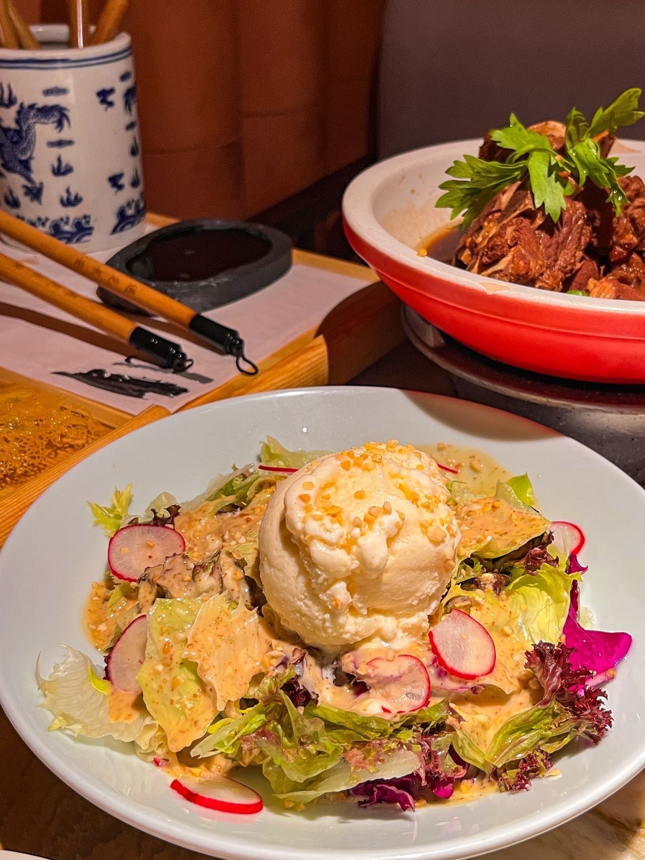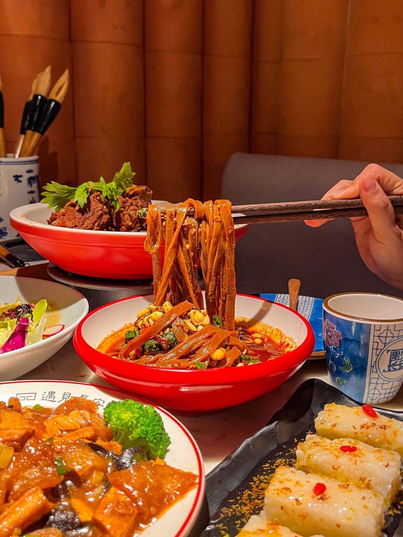 店里古色古香的风格特别有陕菜的风味,古风木桌,红灯笼和小庭院,有种坐在庭院园林吃饭的感觉
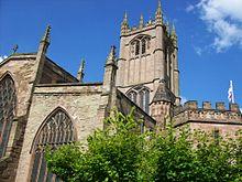 This prosperity is expressed in stone masonry, wood carvings and stained-glass at St. Laurence's parish church; effectively a wool church, it is the largest in Shropshire and a member of the Greater Churches Group. Despite the presence of some Decorated work it is largely Perpendicular in style.[26] Its size and grandeur has given it the nickname "the cathedral of the Marches", and since 1981 there has been a Bishop of Ludlow, a suffragan bishop.
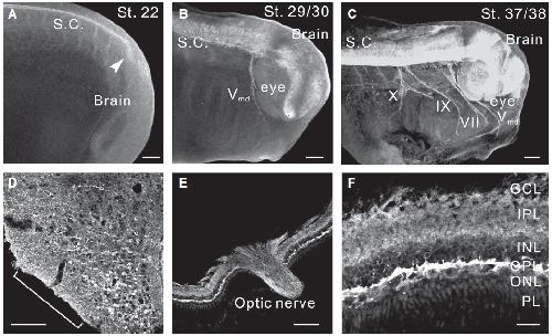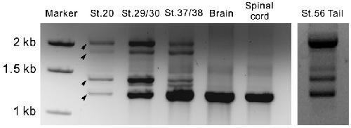 from stage (st.) 20, 29/30, 37/38, juvenile frog brain, spinal cord or st. 56
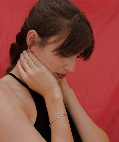 Junge Dame trägt rose farbenes Armband mit Ginkgo Anhängern vor rotem Hintergrund
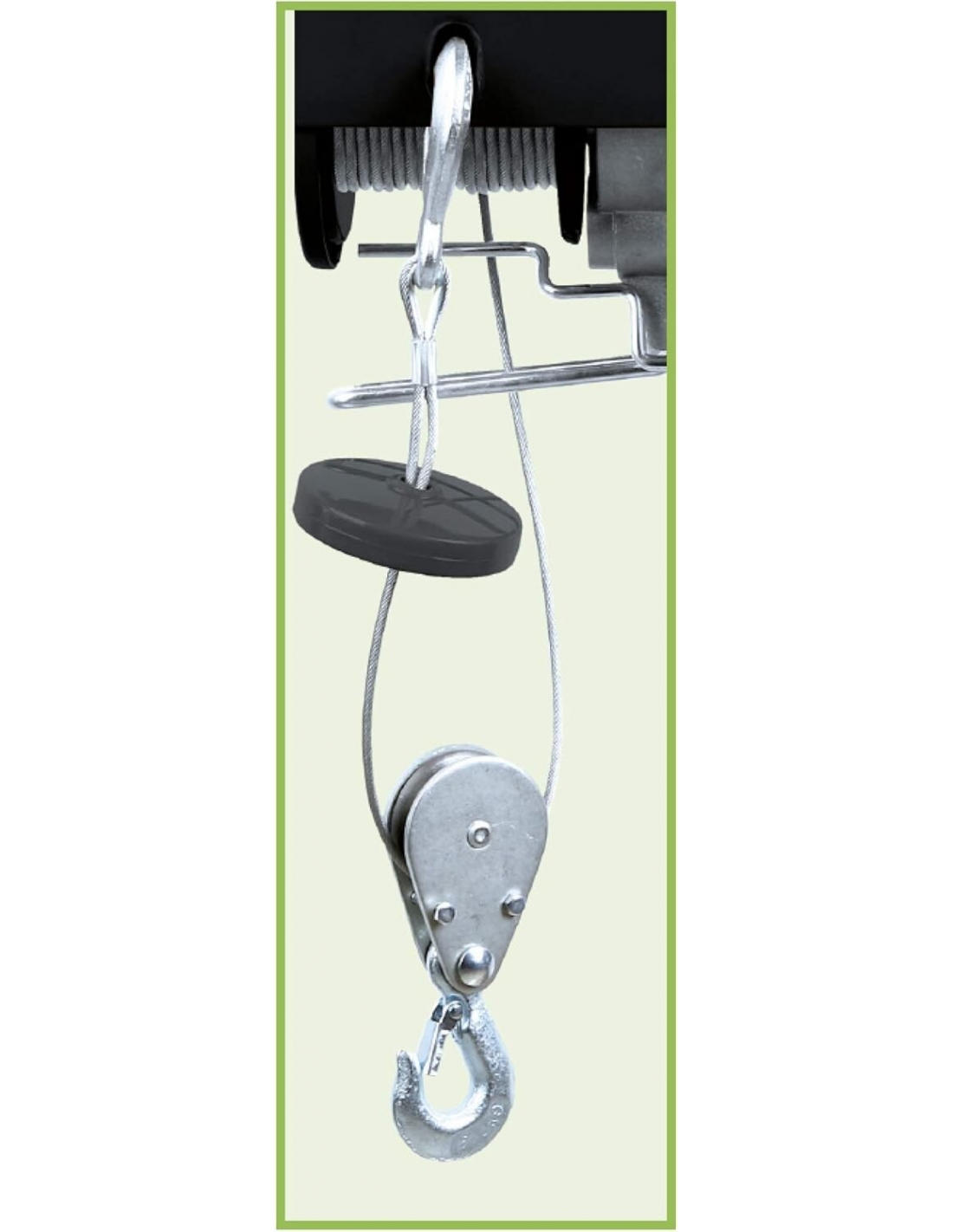 - Robusto cavo in acciaio: equipaggiato con un cavo in filo d’acciaio intrecciato di 18 metri, il paranco garantisce una stabilità eccezionale durante il sollevamento e la discesa dei carichi, riducendo il rischio di torsioni e aumentandone la sicurezza
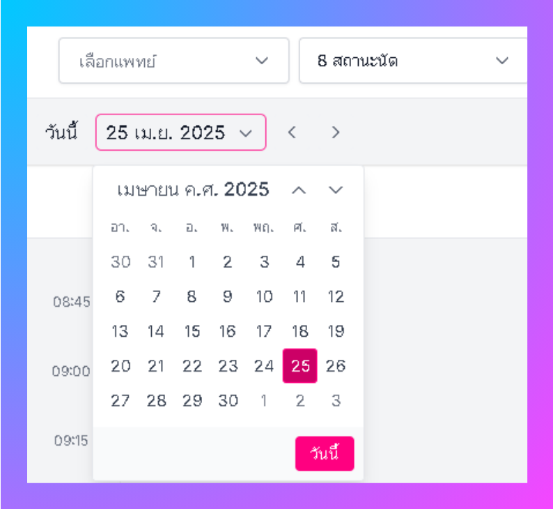 - เลือกวันที่ต้องการดูรายการนัดหมายของแพทย์

[What is needed]: An exact copy of the lines from the line containing "This prosperity is" through the final line of the listing, without pictures, is the expected result.

[Answer section]:
 This prosperity is expressed in stone masonry, wood carvings and stained-glass at St. Laurence's parish church; effectively a wool church, it is the largest in Shropshire and a member of the Greater Churches Group. Despite the presence of some Decorated work it is largely Perpendicular in style.[26] Its size and grandeur has given it the nickname "the cathedral of the Marches", and since 1981 there has been a Bishop of Ludlow, a suffragan bishop.
 from stage (st.) 20, 29/30, 37/38, juvenile frog brain, spinal cord or st. 56
 Junge Dame trägt rose farbenes Armband mit Ginkgo Anhängern vor rotem Hintergrund
 - Robusto cavo in acciaio: equipaggiato con un cavo in filo d’acciaio intrecciato di 18 metri, il paranco garantisce una stabilità eccezionale durante il sollevamento e la discesa dei carichi, riducendo il rischio di torsioni e aumentandone la sicurezza
 - เลือกวันที่ต้องการดูรายการนัดหมายของแพทย์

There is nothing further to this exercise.